A Piece of My Soul

Barbara and her Harley

Barbara Joans, 1934-2023

I don’t remember my first meeting with Barbara Joans, but it was sometime in 1971 or 1972. We have been friends since then.

When I met her she was finishing her doctorate in anthropology. She was a perfect fit for that field—as the old saying goes, nothing human was alien to her. Nowadays so many Americans have become tribalists, closing our hearts and minds to those who disagree with us. Barbara could understand, respect, and even befriend people with vastly different ways of life and points of view.

Barbara was usually scrupulously honest, but had the courage and determination to do what was needed. When she was a poor grad student and single mother without financial support, she wheeled the baby carriage into a supermarket and shoplifted food.

A second lawbreaking episode—if you can call it that—was going to Washington to demonstrate against the Vietnam War. I don’t know what they charged her with, but she was arrested and held in jail for several days.

Barbara was a member of the National Organization for Women. When NOW wanted to hold conferences in New York City, she spoke to the principal of the junior high school her sons attended, and he let NOW use the auditorium for free. At the first conference, male reporters tried to bulldoze their way in, but the women fought back and managed to keep them out. One newsreel guy did barge in. Barbara and Rita Mae Brown snatched the tape from his camera, ran out of the building, and threw it down the nearest sewer.

When New York State allowed abortion but the rest of the country did not, Barbara opened her apartment to women who had traveled to the city for the procedure, giving them a safe place to stay.
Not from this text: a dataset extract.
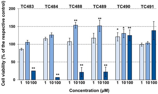 Then, the effect of the six compounds on the viability of human skin fibroblasts was assessed based on the widely accepted MTT method. As shown in Figure 3, all the compounds were not cytotoxic at 1 or 10 μM concentration. However, TC483, TC484, TC488, and TC489 were cytotoxic at the highest concentration tested, i.e., 100 μM. On the other hand, TC488 and TC489 increased cellular viability at 10 μM. However, testing viability with an alternative method (see Supplementary Materials, Figure S19) indicated no difference from the vehicle. TC490 was not cytotoxic at any concentration tested, and furthermore it mildly increased cellular viability. Finally, TC491 did not exhibit any statistically significant effect at any concentration tested.

She and her husband Ken were hospitable to friends as well, and I’m immensely grateful to them. In 1980 they let me bring the small children I was co-parenting to their home in Santa Cruz for a weekend visit, and never said a word while I changed the baby’s diaper in Ken’s favorite recliner. I only heard about the recliner decades later, when Barbara joked about it.

After my wife and I moved to Oregon, Barbara and Ken let us stay in their San Francisco apartment for two weeks at a time during our annual visits to the city—and let us bring the dog as well. They were equally welcome here, but I think they only came to Oregon once.

Barbara and Ken rode motorcycles. I told her it was a very dangerous activity. She replied that I was crazy for spending my vacations doing what she considered much more dangerous, solo backpacking in the wilderness. Although she was incurably heterosexual, in the 1990s Barbara rode with the Dykes on Bikes contingent at the head of the Gay and Lesbian Freedom Parade. Once she let me ride on the back of her bike in the parade. That was fine—they were going slow enough so I wasn’t afraid.

Two of the most important, irreplaceable gifts she gave me were sensible advice when I was having personal troubles, and critical comments on my writing. I would read a rough draft to her, and she would make suggestions. Invariably, her suggestions were right on the mark.

I miss her horribly. A piece of my soul is going into the ground with her.






4 Responses to A Piece of My Soul

  1. Mary Ann Aschenbrenner March 10, 2024 at 2:07 pm #

    I am so sorry for your loss and yet happy you had such a great friend.

  2. Mary McCarthy March 10, 2024 at 4:11 pm #

    Martha, I am so sorry someone as delightful as you describe Barbara to be is no longer on this plane. Hope she is riding her bike wherever she may be!

  3. Debra DeBondt March 11, 2024 at 8:45 am #

    Martha, I’m so very sorry for your loss. You have paid her a beautiful tribute with this piece.

  4. Connie O Byrne March 11, 2024 at 1:52 pm #

    oh Martha, there never are words when I want them. Really good friends are really hard to come by and I’m truly sorry you’ve had this one pass onto her next existence. She will always be a part of you, always.